This thread just gave me a gigantic nerdgasm. Army pic please. :laugh:


----------



## gearhart (Oct 18, 2011)

Lord Commander Solus said:


> This thread just gave me a gigantic nerdgasm. Army pic please. :laugh:


Haha thanks! For the amry shot, do you want only painted or painted and unpainted


----------



## Hellados (Sep 16, 2009)

both's cool, I like to see how people do stuff, I really like the weathering on them, is it just powders and sponges yeah?


----------



## gearhart (Oct 18, 2011)

Hellados said:


> both's cool, I like to see how people do stuff, I really like the weathering on them, is it just powders and sponges yeah?


yes sir :grin: but once I add the pigment, i also use a cotton swab dipped in white spirit (rubbing alcohol) to remove in certain areas..


----------



## Hellados (Sep 16, 2009)

Yeah that's where the quality comes from and I get annoyed and the Fairy Power Spray out


----------



## Lord Commander Solus (Jul 26, 2012)

gearhart said:


> Haha thanks! For the amry shot, do you want only painted or painted and unpainted


----------



## gearhart (Oct 18, 2011)

Hellados said:


> Yeah that's where the quality comes from and I get annoyed and the Fairy Power Spray out


Haha :grin: yeah i absolutely adore pigments they just add so much to a model....



Lord Commander Solus said:


>


:laugh: Ok, here it is. There are a few bits missing that is either in simple green or M.I.A., or just not built :headbutt: lol but here is the majority.
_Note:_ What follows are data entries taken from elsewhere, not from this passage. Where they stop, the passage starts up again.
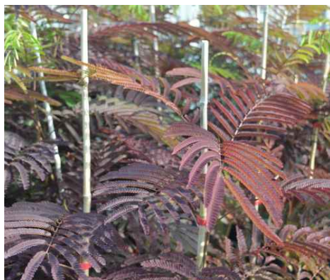
Albizia jul Summer Chocolate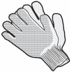
Gloves with staples

Safety Goggles: Why is it important to wear this type of PPE?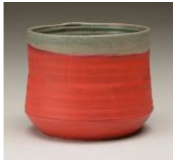
Untitled (Red Tea Bowl) (2008.12.4)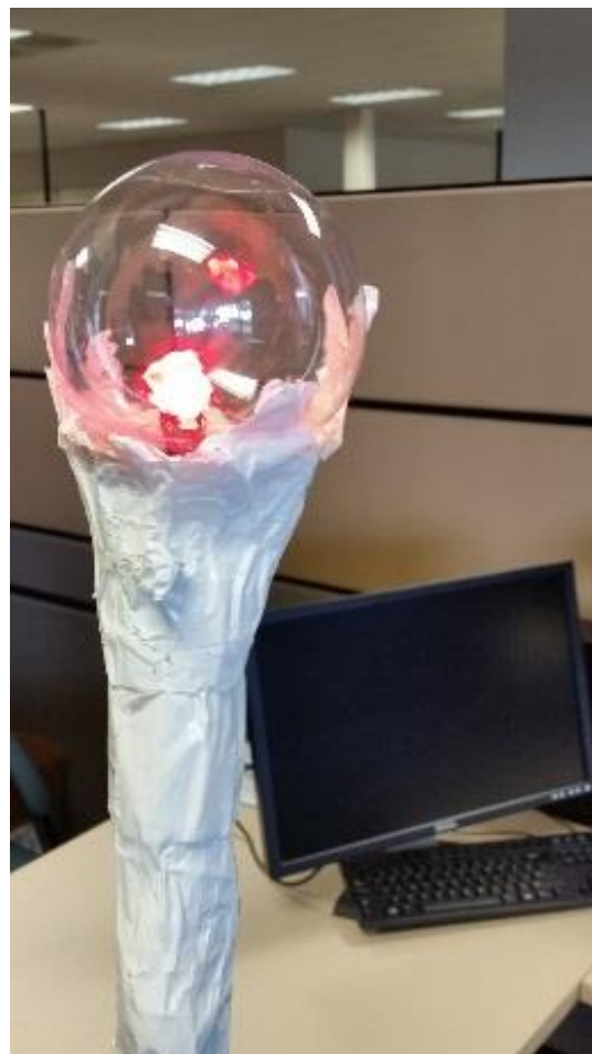
Figure 1. Gandalf's Staff

For Gandalf's staff an RGB LED has been used to allow the color to have 4 possible variations: red, blue, green, and white. Each of the four LEDs that are used were attached to three separate pins at their cathodes and were tied to the V_{DD} at their common anodes. A simple state machine, made with D flip-flops and lookup tables is designed to cycle between the four colors. The A' LUT configuration truth table is shown in Fig. 2. The state machine is clocked by an analog comparator tied to the z axis of the accelerometer. Since there were problems being faced with the state machine cycling through multiple colors (rather than one at a time), the output of the analog comparator was de-bounced with a rising edge detector (P DLY0) and a 96.064 MS delay (CNT3/DLY3) before it went to the CLK of the D flip-flops. Refer to Fig. 3 for a view of the circuit in GreenPAK Designer.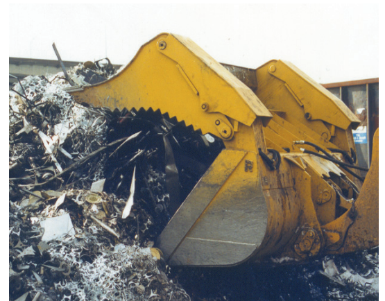
Rockland's DB Demolition Bucket looks tough, and it is tough!

Bolt-on cutting edges and replaceable end bits are standard. DB Demolition Buckets can be equipped with the teeth of your choice.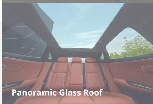
Panoramic Glass Roof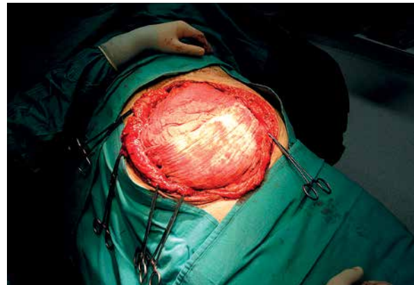
Photo 2. Open part of the operation. Perioperative view after removing large scar

repairs of hernias. In this group there was 1 patient with a body mass index above 31 kg/m 2 , referred to our department from the emergency unit with symptoms suggesting intestinal occlusion. Three patients had recurrent hernia after appendectomy complicated by wound infection and open repair of the hernia afterwards. One patient had a huge hernia after numerous laparotomies (cholecystectomy, hysterectomy, appendectomy, peptic ulcer perforation), and 1 patient after open repair of hernia after appendectomy, laparoscopic intraperitoneal onlay mesh (IPOM) repair of recurrent hernia complicated by haemorrhagic shock requiring removal of the mesh during urgent relaparotomy afterwards.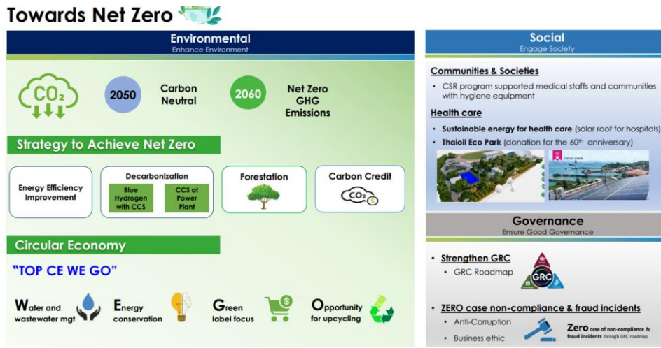
Figure 1: Capturing the future trend of green manufacturers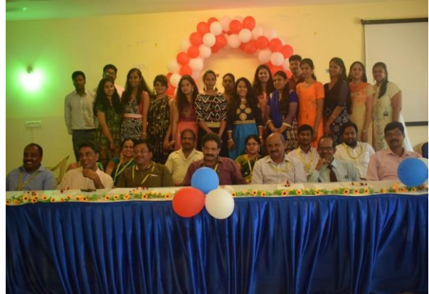
Farewell Party By Juniors to Seniors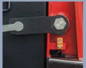
The locking device of the battery is provided with the safety protection function. Only if the locking device is rotated in place, the tractor can travel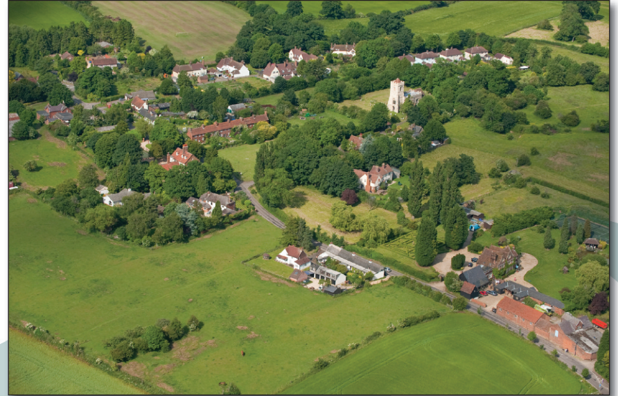
Arch Road, Great Wymondley.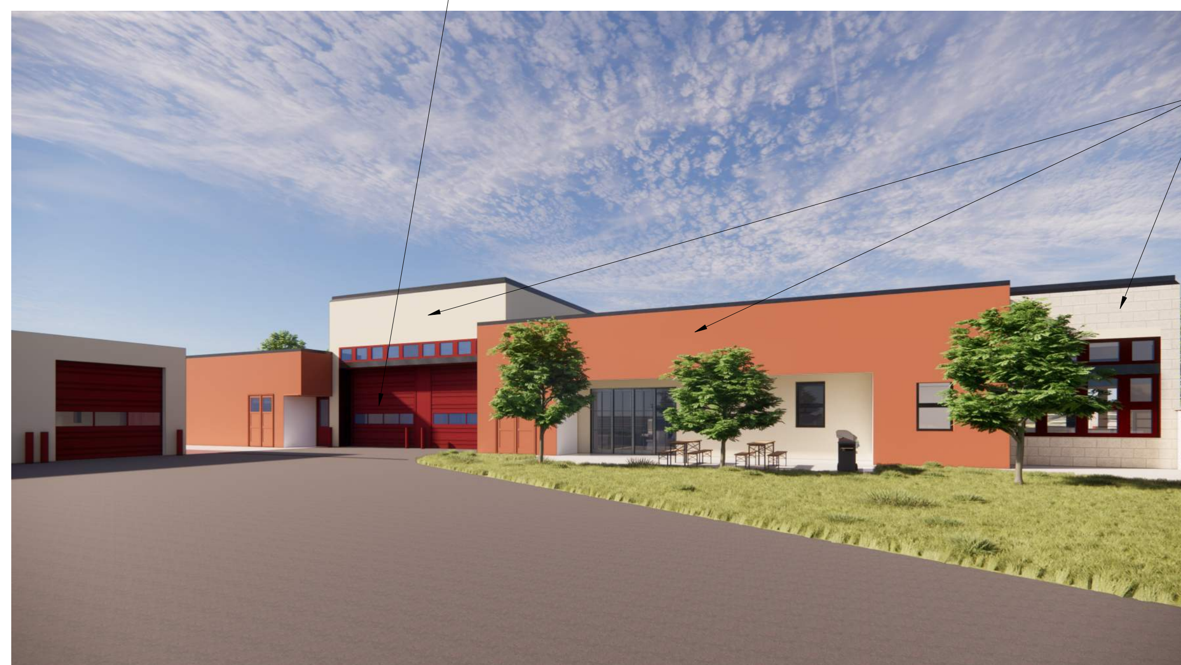
PERSPECTIVE FROM SOUTH EAST TO REAR ENTRY

Recessed RED opening to mimic the fire station front entry opening.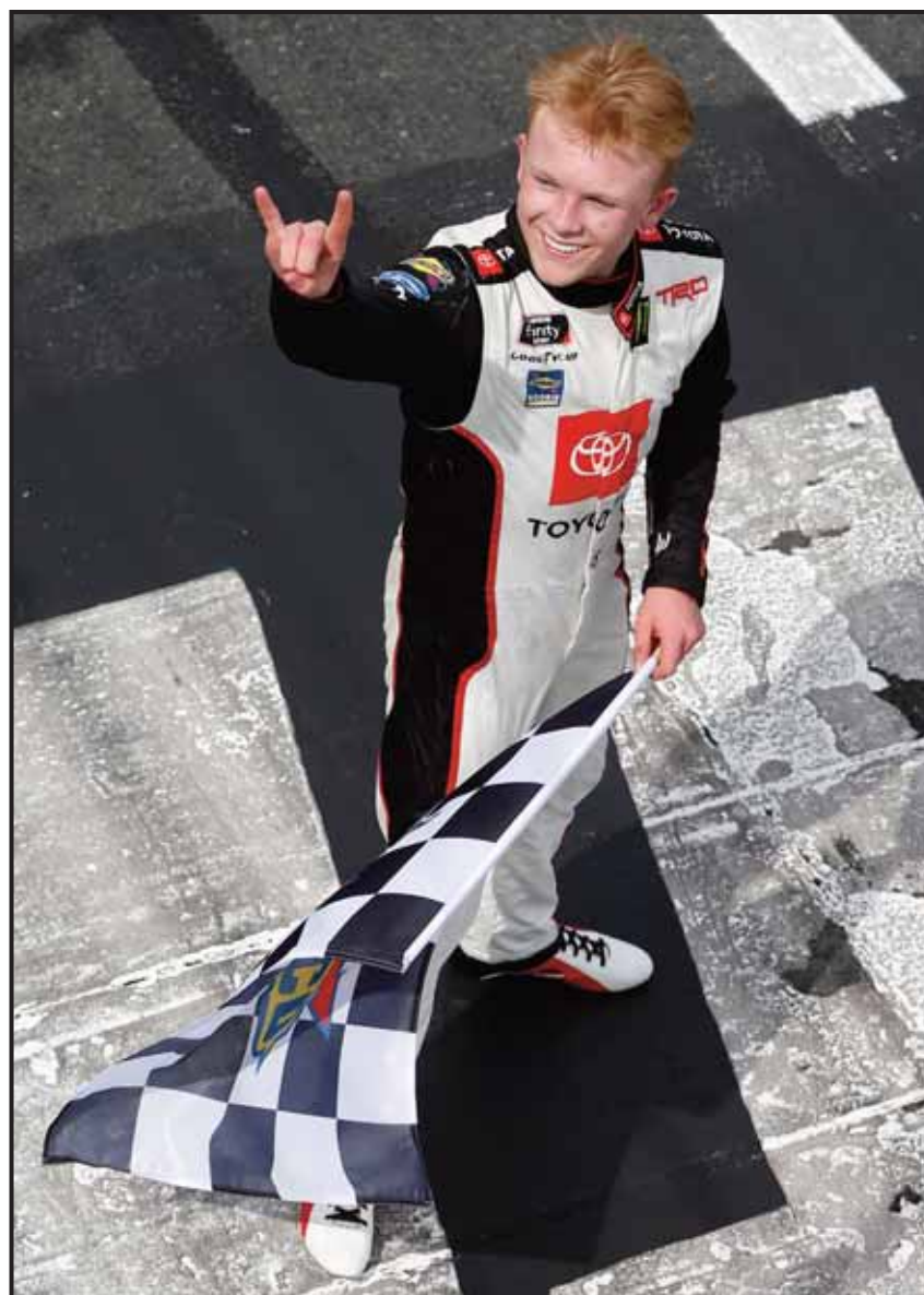
Xfinity race winner Ty Gibbs sends love to the fans after battling to the checkered flag at Charlotte Motor Speedway Saturday.

Seeking his first victory in his 99th start in the series, Daniel Hemric swept the first two stages, but a pit road mistake cost him dearly. During a pit stop under the sixth caution on Lap 121 of 200, Hemric was blocked by the Toyota

After this i regret nothing!!!! atleast i have to keep telling myself this.....:hang1:


















1ST COMPANY











3RD COMPANY


----------



## gearhart (Oct 18, 2011)

*Hello everyone i wanted to ask a huge favor? can you like my model on facebook for a competition? i would greatly appreciated!*

https://www.facebook.com/photo.php?fbid=456975074340249&set=a.456784521025971.94233.270825842955174&type=3&theater


----------



## Regnear67 (Mar 7, 2012)

wow! amazing work.


----------



## gearhart (Oct 18, 2011)

Regnear67 said:


> wow! amazing work.


Thanks mate, and thanks for the like on facebook :grin:
Unfortunately i've caught the Elementary flu  Darn siblings....Lol 
well i hope to be better soon as my next update will be quite exciting :wink:


----------



## gearhart (Oct 18, 2011)

Well after my week from hell im feeling well enough to get back to modeling and painting...............HERES A TEASER!


----------



## Blackwire (Sep 9, 2012)

gearhart said:


> Well after my week from hell im feeling well enough to get back to modeling and painting...............HERES A TEASER!


Oh, sweet Jesus! After a week from hell Gearhart returns with a Cataphractii spearhead to wreak hell. I very much look forward to this. :biggrin:


----------



## gearhart (Oct 18, 2011)

Blackwire said:


> Oh, sweet Jesus! After a week from hell Gearhart returns with a Cataphractii spearhead to wreak hell. I very much look forward to this. :biggrin:


HAHA! and thats just the start  im glad im not the only one excited about this project :biggrin:


----------



## Hellados (Sep 16, 2009)

WOW that's gonna be a ton of nice yellow!

How many points is the termies now?


----------



## LegionThree (May 1, 2012)

Just read through your log and everything looks amazing. Im going to steal your weathering and apply liberaly. As others have said your yellows are great and the orange tint sets it off. On another note I really like how you have done the LR's nothing flashy about, just look very solid and very used.
Good luck with the rest of the project.


----------



## TomG (Oct 11, 2010)

Fantastic work on the plog so far gearhart!

I find myself wandering back to this every now and then to just stare at that Cataphractii sergeant....not in a creepy way :read:. Absolutely immaculate work. 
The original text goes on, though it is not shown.